Old Baldy 1While this view of Old Baldy was from the base of the escarpment taken when we were traveling up to retrieve our vehicle at the end of the hike:

Old Baldy 2

We hiked through old growth forest where hundreds of trilliums were turning from bright white to pale pink – denoting their final days.  We were thrilled to pass several patches of Elfin Lady Slippers, one of 52 varieties of orchids that grow in Canada:

Lady Slippers

The final 2km took us up a steep climb on property owned by OPG (Ontario Power Generation) beside the penstocks that carry water from Lake Eugenia to the turbines in the generating plant located in the valley far below.  This gave us an opportunity for a great discussion on alternative energy:

Carol and OPG

A highlight of hiking for 5 hours is the great discussions we have on a wide variety of subjects including but certainly not limited to an article one of us has read; advice we need about gardening or decorating; a program we’ve listened to on CBC radio or a specific portion of the trail we’re hiking.

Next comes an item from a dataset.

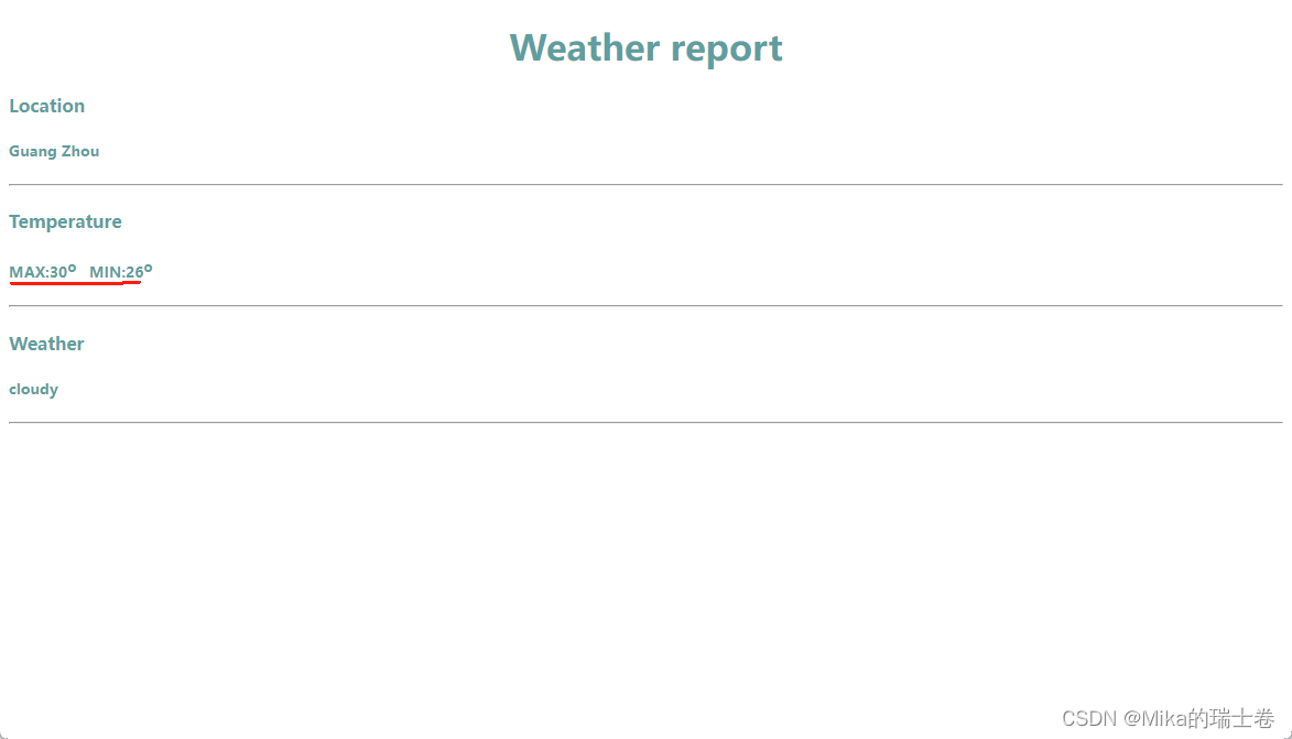 <h5 align="left">MAX:30<sup>o</sup> MIN:26<sup>o</sup></h5>

We almost always see fungus growing on trees that have fallen and are now decomposing and providing nutrients to the soil.  This hike was no exception.  This fungus was growing beside a bridge which had been constructed to help us over a river that is now simply a dry river bed:

Fungus

The Beaver Valley Club has positioned benches for respite that overlook incredible views  and we took advantage of several of them to rest and enjoy a cold drink and light snack:

Carol respite

Another great day on the Bruce Trail.